A faithful, picture-free copy of the listing below is required.
(Beginning of EXERCISE DATA)
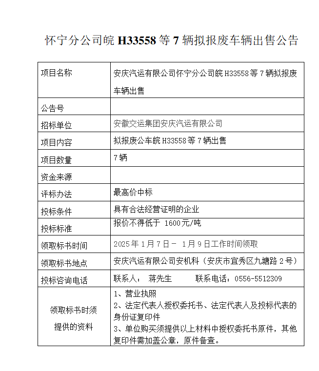 懷寧分公司皖H33558等7輛擬報廢車(chē)輛出售公告
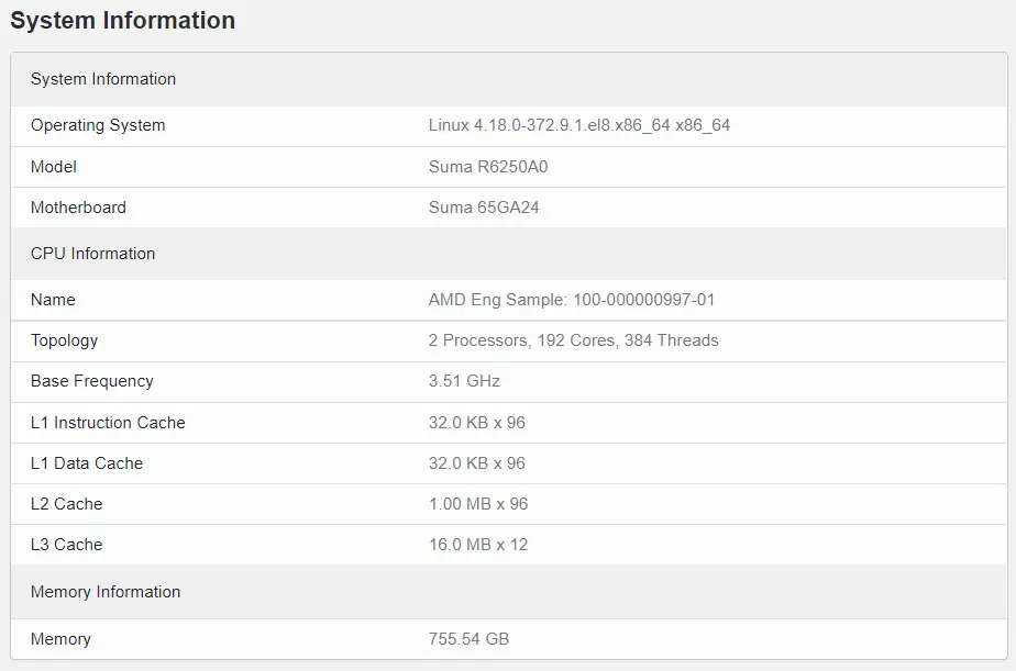 最终该 CPU 的单核成绩为 1460 分,多核成绩为 96535 分。在单线程方面,该 CPU 比同等时钟频率的 128 核 EPYC 7763 高出约 17%。 Geekbench 列表还包括一个 OPN 代码 100-000000997-01,根据现有泄漏,它很可能对应于旗舰 AMD EPYC 9664,最大 TDP 为 400 W。
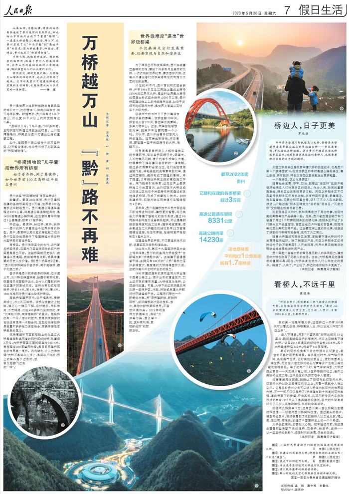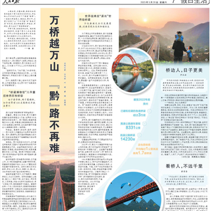 5月20日,《人民日报》整版刊发《万桥越万山 “黔”路不再难》一文,重点关注贵州桥梁。具体报到如下:
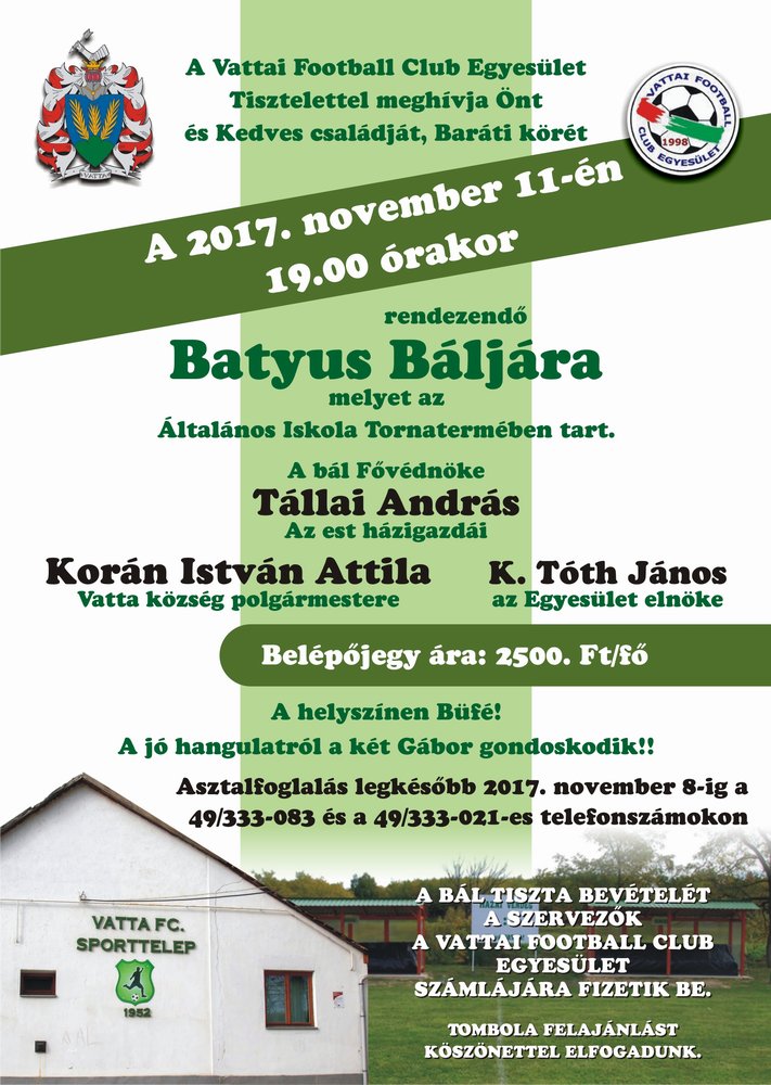 február 16-án 15 órától Vattán a faluház dísztermében
(End of EXERCISE DATA)
SOLUTION BELOW>
 懷寧分公司皖H33558等7輛擬報廢車(chē)輛出售公告
 最终该 CPU 的单核成绩为 1460 分,多核成绩为 96535 分。在单线程方面,该 CPU 比同等时钟频率的 128 核 EPYC 7763 高出约 17%。 Geekbench 列表还包括一个 OPN 代码 100-000000997-01,根据现有泄漏,它很可能对应于旗舰 AMD EPYC 9664,最大 TDP 为 400 W。
 5月20日,《人民日报》整版刊发《万桥越万山 “黔”路不再难》一文,重点关注贵州桥梁。具体报到如下:
 február 16-án 15 órától Vattán a faluház dísztermében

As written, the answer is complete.